Background: Pain is a prominent symptom of gastroesophageal reflux disease (GERD)
and commonly related to acidic reflux. 5-ydroxytryptamin (5-HT), a neurotransmitter
and ligand for 5-HT receptors (5-HTR) is an activator of acid sensing ion channels
(ASICs).We reported earlier [1] that gene expressions of ASIC4 and 5-HTR-subtypes were simultaneously regulated
in the esophageal mucosa and hypothesized that both ASICs and 5-HTRs- play a role
for the fast pain relief in responders to STW 5, a herbal multicomponent mixture,
and the PPI Omeprazole (O).
Aims: Comparison of gene- and protein expressions of ASICs, 5-HTRs, 5-HT and serotonin
transporters (SERT) in rat model GERD [2] by Western Blot (WB); detection of ASIC4 and 5-HT in human esophageal biopsies [endoscopically
normal (n = 18), inflamed (n = 16)] by immunohistochemistry (IH).
Results: issues of animals suffering from GERD showed small, but significant increases
in the gene expression of ASIC-subtype 4 (3.8f), of HTR2A (3fold), HTR2B (6.6f), HTR7
(9.3f) (p < 0.001) and a downregulation of SERT (−2.4f, p < 0.001) compared to ‘normal’

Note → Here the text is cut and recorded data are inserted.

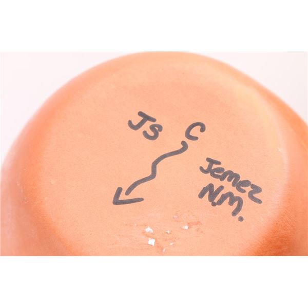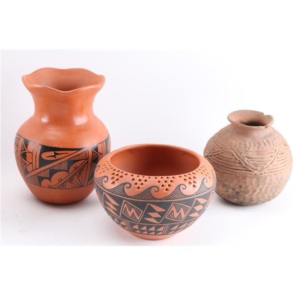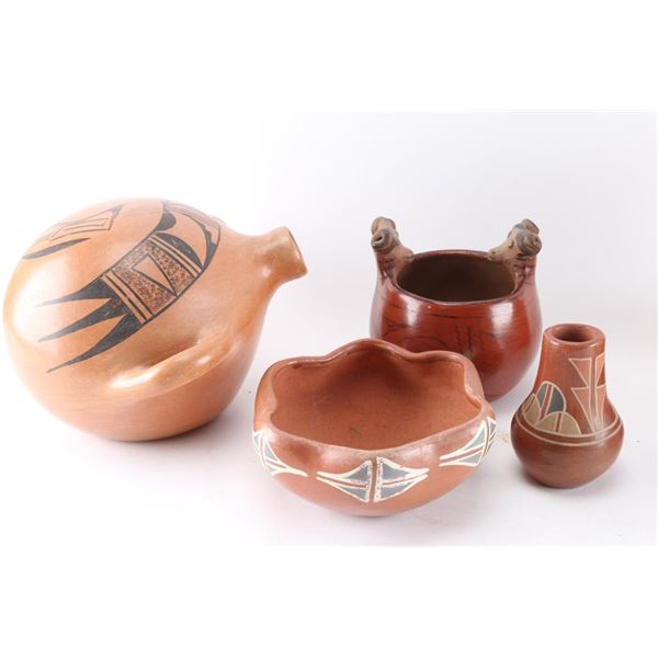 1 Maricopa 2 figure bowl measures 5" x 5", corrugated pot with scattered chips on rim 7" x 6", large decanter signed C. Talayumptewa 12" x 9", contemporary Jimenez vase 8" x 5", Santa Clara painted scalloped bowl 7" x 3", small Santa Clara vase 5" x 3", unknown terra cotta wedding vase 7" x 5", Acoma bowl by Randy Heyah 7" x 4".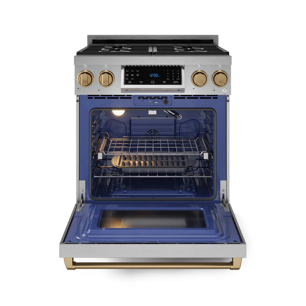 Designed for chefs who demand precision and power. With high-output burners, even heat distribution, and intuitive controls, this 30 Inch Gas range in Stainless Steel/Bronze elevates your cooking experience. Built for durability and performance, it brings restaurant-grade quality to your home kitchen, making every meal exceptional.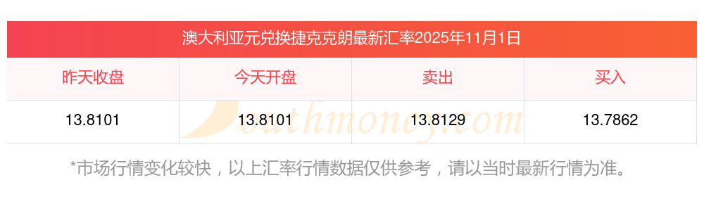 澳大利亞元兌換捷克克朗匯率開盤價多少?今日查詢(2025年11月1日)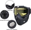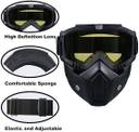 Frame Material: TPU super toughness, any kneading, not easy to break? soft and lightweight. Lens material: Polycarbonate, effective wear-resistant, anti-scratch, excellent all-weather anti-ultraviolet performance, blocking the damage of light to the eyes and preventing wind and dust. Sponge: High-density comfort sponge that effectively cushions facial pressure, with padding on the outer edge to keep your face comfortable and safe. Removable goggle mask ?Detachable masks and goggles are used separately to match your other helmets and masks. Breathable ?The breathable mouth filter and holes have good airflow avoid direct contact between mouth and mask?effectively exclude the hazardous material. Ajustable non-slip strap?cotton high elastic band, which can freely adjust the length. The non-slip strap fits any size of head, providing a comfortable wearing experience and well protection. MULTI-PURPOSE: Suitable for outdoor sports such as cycling, motorcycle, horse riding, snowmobiling, skiing, rock climbing, airsoft, paintball, jungle CF games, etc. It is a great gift for friends or family.
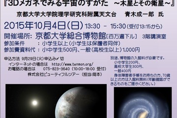 「第22回京都千年天文学街道アストロトーク」が10月4日、京都大学総合博物館で開催される。対象は小学生以上。「天文学講演」と3Dメガネで宇宙の姿を解説する「4次元宇宙シアター」を組み合わせたイベントだ。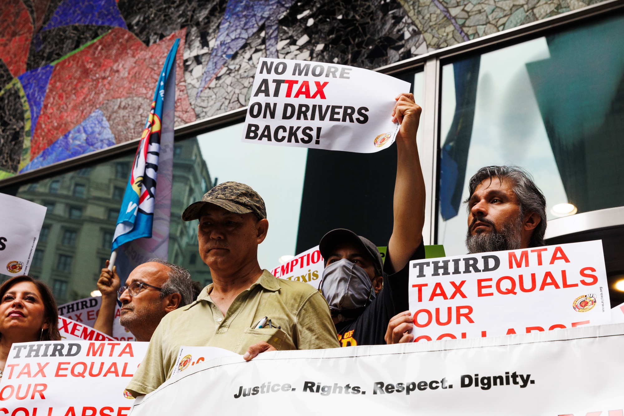 纽约出租车工人联盟成员和支持者在7月18日在纽约MTA总部外集会。摄影师:Paul Frangipane/Bloomberg纽约市计划从明年开始向驶入曼哈顿中城的司机收费,但谁应该获得新通行费的豁免尚待确定。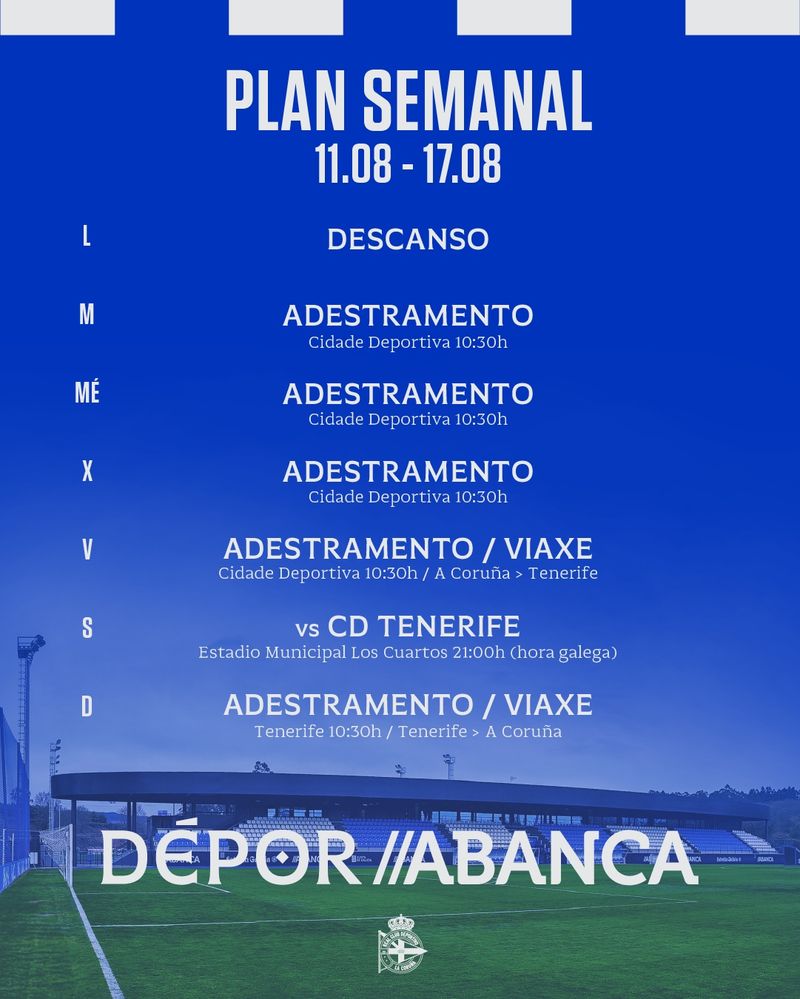A 53 edición da Copa Teide é o partido fixado para esta nova semana de pretemporada para o Dépor ABANCA.O encontro xogarase no Estadio Los Cuartos de La Orotava ante o Costa Adeje Tenerife de Liga F o sábado 16 de agosto ás 21:00 (hora galega, 20:00 hora local).Ainhoa Marín, finalizado o Trofeo Teresa Herrera, mostrouse "moi contenta" coas novas incorporacións: "Todas nos dan un punto de mellora respecto ao ano pasado. Era o que se necesitaba. De verdade que estou ilusionada co que vai vir. Espero que podamos dar moitas alegrías nesta temporada que vén".Fran Alonso dispuxo 4 sesións matinais de adestramento na Cidade Deportiva desde este martes 12 de agosto.A planificación semanal, sempre susceptible de sufrir variación por razóns técnicas, é a seguinte:Luns 11 de agostoDescansoMartes 12 de agosto10:30 h.Mércores 13 de agosto10:30 h.Xoves 14 de agosto10:30 h.Venres 15 de agosto10:30 h.Sábado 16 de agosto21:00 (hora galega, 20:00 hora local): Costa Adeje Tenerife - Deportivo en Los Cuartos de La Orotava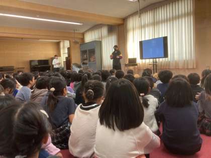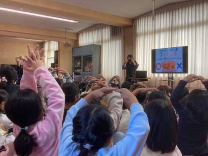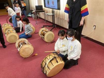 挨拶や食べ物のクイズ、楽器など実際に見て話しながら学びました。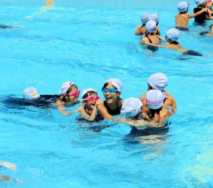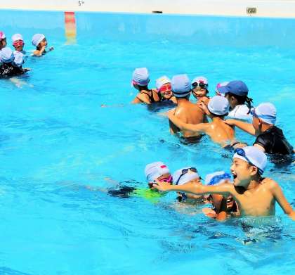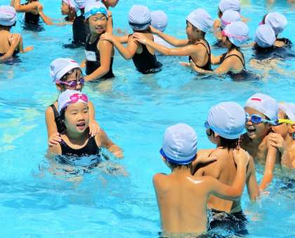 水の中で「ジャンケン列車」をして、とっても楽しそうです!

tissue. In tissues of animals treated with either STW5 (2ml/kg) or with O (30mg/kg),
ASIC 4 (−4,8f, −4f; p < 0.0001), HTR2A (−5.4f, −3.9f) HTR2B (−7.9f, 3.7f) and HTR7
were downregulated (p < 0.0001) respectively. Reductions of HTR7 by O (−6.8f) was
less compared to STW5 (−15.4f) and did not match the upregulation during inflammation.
In human esophageal biopsies ASIC 4 was detected in normal and inflamed tissue, 5-HT
only in inflamed tissue.
Conclusion: IH and WB of ASIC4, HTR-subtypes and SERT supported gene expression data
and thereby a corporate role in the esophageal nociception.